As to what exactly those things might be, he has only hinted, as befits a man whose platform consists of boastful bravado unsupported by any coherent philosophy other than self-aggrandizement. But we do know he plans to build a wall along the U.S. southern border and, "Make Mexico pay for it." He intends to create a register of Muslims living in the country and bar any more from arriving. No word yet on whether he plans to make them sew yellow crescent moons on their clothing. He will destroy ISIS, exactly how being a leap of faith.

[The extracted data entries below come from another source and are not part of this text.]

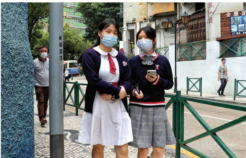
Photo: Macau students return to school. By Macau Photo Agency via Unsplash.

It is clear that there are no easy answers. Whichever approach countries choose to take, it is crucial that there are carefully planned evaluations of the approaches employed to help develop a robust evidence base to guide decision making for this and future pandemics.
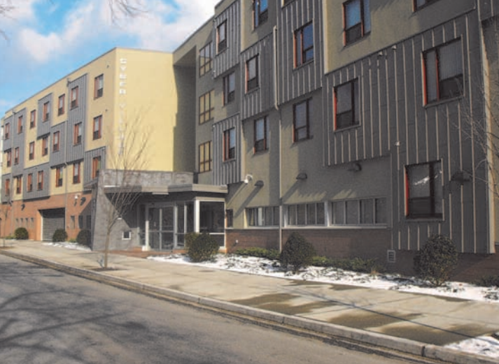
Mt. Tabor Cyber Village

These projects above received approximately $4 million from the City of Philadelphia, providing affordable housing for senior residents. Pictured above left is Haven Peniel located at 23rd & Turner in North Philadelphia. For more information call 215.787.0400. Above right is Mt. Tabor Cyber Village located at 7th and Girard also in North Philadelphia. For more information call 215.625.0902.
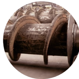
WEAR RESISTANT STEEL
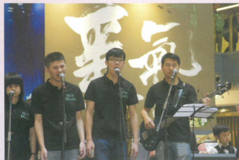
與健視成員演出 Perform with the sighted members
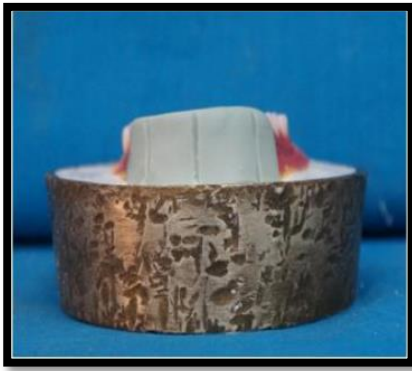
Figure 8: Putty was indexed during Processing
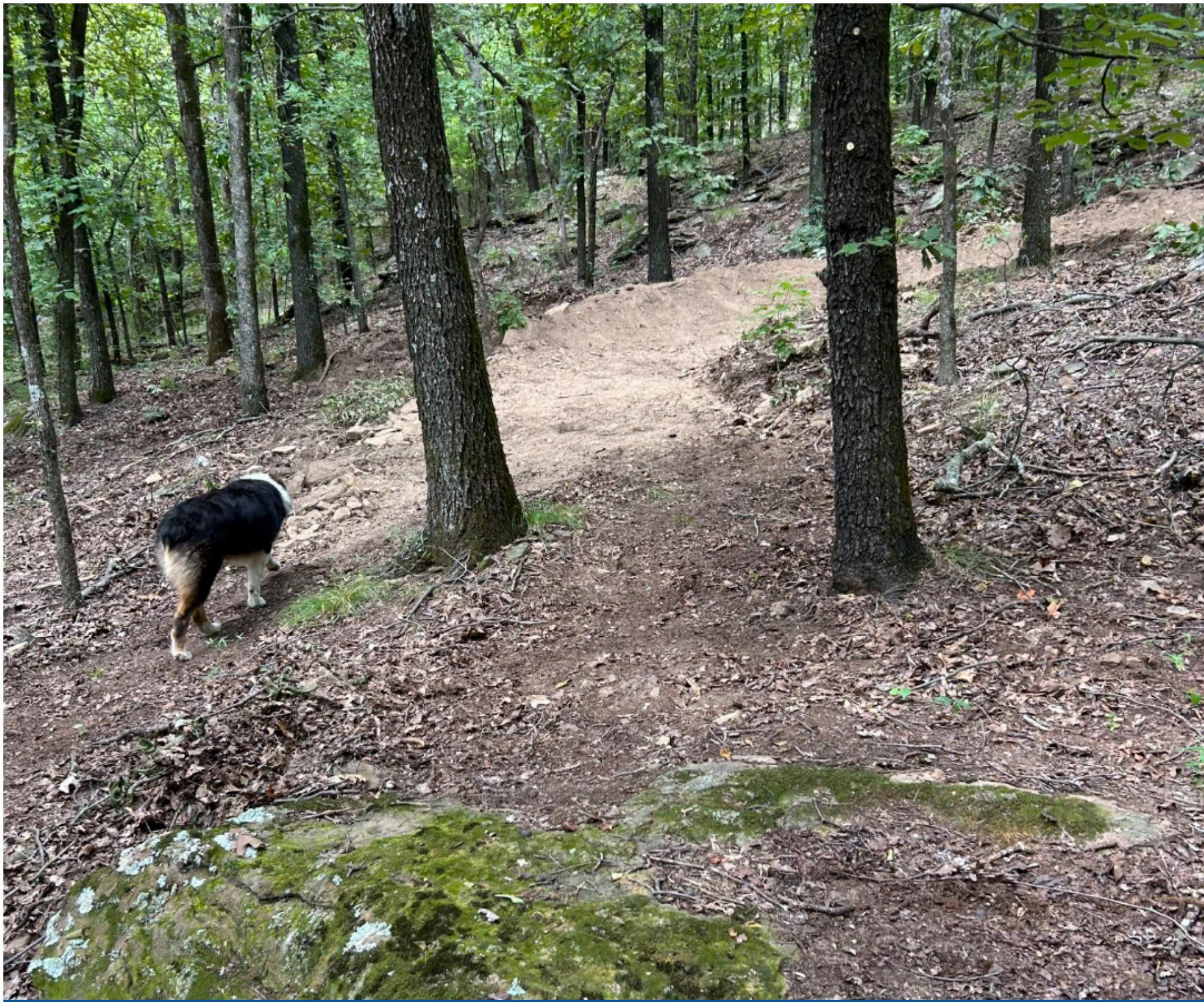
Rolling contour design resulting in gradual ascents/descents

And, assuming we don't do it for him, he'll seriously consider building another wall along the Canadian/U.S. border since we're silly enough to take in Syrian refugees.

Watching his supporters at his increasingly well attended rallies, I can't help seeing the rabid gathering of brown shirts whipped into a frenzy 80 years ago in Germany. That they are my former brethren in the U.S. doesn't make me any more comfortable. Stanley Milgram proved years ago in his psyche experiments at Yale you don't have to scratch very far below the surface to find the inner Nazi in any of us.

I mourn for my former country and, at the same time, am embarrassed for it. But if Donald Trump embodies the government it deserves, then I'm also very scared for not just it, but for us all. I can't imagine anything scarier than someone so devoid of humanity and empathy being commander-in-chief of the world's most powerful army and having the launch code for the world's largest nuclear arsenal at his fingertips.

There is a scene in the 1983 film The Dead Zone where the main character, who awakens from a long coma with the psychic ability to see the future by touching an individual, sees a conservative candidate for president, once in office, launching the missiles to plunge the world into Armageddon. Knowing what he's seen, he asks the doctor who'd treated him this question: "If you could go back in time to Germany, before Hitler came to power, knowing what you know now, would you kill him?"

I am not suggesting anything so dramatic. But history is only history after it happens. While it's happening, none of us know exactly where it's going... too frequently, until it's too late.